The Legal Peril of Bribery for Impact Investors

Last month, CIPE published “Impact Investing and Bribery: Risks and Incentives” in response to increasing interest in impact investing, especially within the non-profit community. The post briefly discussed the risks that come with impact investing, as well as advised impact investors on how to mitigate their risk. As a follow up to that post, this article seeks to expand upon the legal risks previously discussed and answer the question: Are impact investors legally liable for the corrupt actions of their investees?

Bribery of foreign officials is illegal under the U.S. Foreign Corrupt Practices Act (FCPA). More specifically, it is a crime for a “domestic concern” (U.S. person or U.S. company), certain entities that trade on the U.S. stock exchange, and foreign persons in the U.S. to knowingly provide anything of value to a foreign official if it helps to obtain or retain a business advantage.

For impact investors, a critical element of the FCPA is that willful blindness to a situation with a high probability of unlawful activity also fulfils the FCPA’s criteria for “knowingly.” Moreover, the U.S. government has taken to interpreting elements of the FCPA quite broadly—including its understanding of “business advantage” and “domestic concern.” This means that indirectly related parties—including impact investors—could be liable for the corrupt actions of others.

In United States v. Kozeny, the Second Circuit convicted an investor of FCPA violations because there was abundant evidence that he was willfully blind towards the legality of his investee’s business practices and “worked to avoid learning exactly what [his investee] was doing.” In its discussion of the FCPA’s “knowledge” standard, the Court referred to evidence indicating that the investor (1) knew corruption was pervasive in the region, (2) knew his partner had a reputation for corruption, (3) created companies to shield himself and other investors from potential liability, and (4) expressed concerns that his partner and company were bribing officials.

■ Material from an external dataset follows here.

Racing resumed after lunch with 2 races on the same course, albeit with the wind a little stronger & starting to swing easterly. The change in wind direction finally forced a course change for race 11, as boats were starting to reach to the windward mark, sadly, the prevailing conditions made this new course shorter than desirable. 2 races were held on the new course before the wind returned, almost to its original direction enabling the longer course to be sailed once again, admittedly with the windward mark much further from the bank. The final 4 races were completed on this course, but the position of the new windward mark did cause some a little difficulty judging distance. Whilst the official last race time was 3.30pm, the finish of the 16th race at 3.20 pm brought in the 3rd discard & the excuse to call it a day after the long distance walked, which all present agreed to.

The U.S. Department of Justice (DOJ) also issued an opinion in 2010, stating that a U.S.-based microfinance non-profit was a “domestic concern” and was therefore subject to the FCPA. This means that even international non-governmental organizations (INGOs)—a growing segment of the impact investment community—are liable under the FCPA.

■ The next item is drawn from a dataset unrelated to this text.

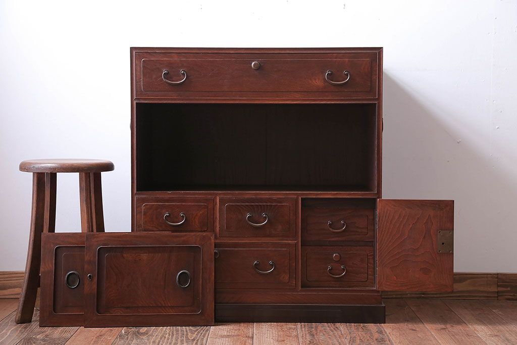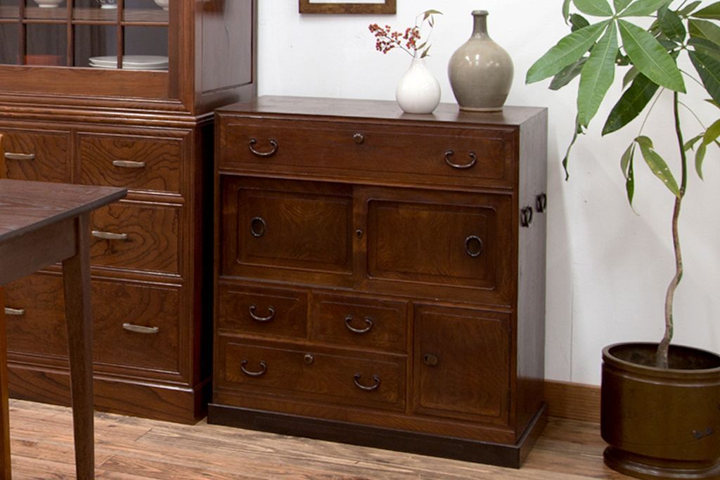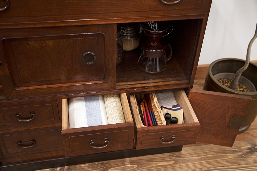 和箪笥> 小箪笥 > アンティーク家具 古民具・骨董 前面桑材、天板・側面エンジュ材、内部桐材!銅の金具の最高級小箪笥(桐箪笥、桐たんす)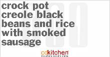 | Crock Pot Creole Black Beans and Rice With Smoked Sausage Recipe | CDKitchen.com tomato sauce, green bell pepper, black beans, chicken stock, thyme, white peppercorn, pepper, oregano, cayenne pepper, bay leaf, onion, garlic, celery, sausage, rice, water A 5-star recipe for Creole Black Beans and Rice With Smoked Sausage made in the crock pot made with smoked sausage, black beans, onions, green bell pepper, celery, garlic, dried thyme Brown sausage in...

Moreover, there is nothing in U.S. anti-bribery law or any international anti-bribery agreement that specifically relieves non-profit organizations of liability. In fact, countries such as Canada have interpreted the Organisation for Economic Co-operation and Development’s Convention on Combating Bribery of Foreign Public Officials in International Business Transactions to cover non-profit entities.

What does this all mean for impact investors? Overall, it means that impact investors—including non-profit organizations in the impact investment space—should be wary as their legal risks under the FCPA are quite real. For these reasons, entities interested or currently engaging in impact investing should acknowledge their legal risks and ensure they have adequate compliance programs in place to safeguard themselves, their investments, and the potential for those investments to have a larger social impact.

To that end, CIPE works with the business community to support a range of efforts to combat corruption, including improving integrity standards and strengthening compliance standards for companies. As international development has integrated into the impact investment space, we want to make sure anti-corruption is part of that dialogue—especially for INGOs.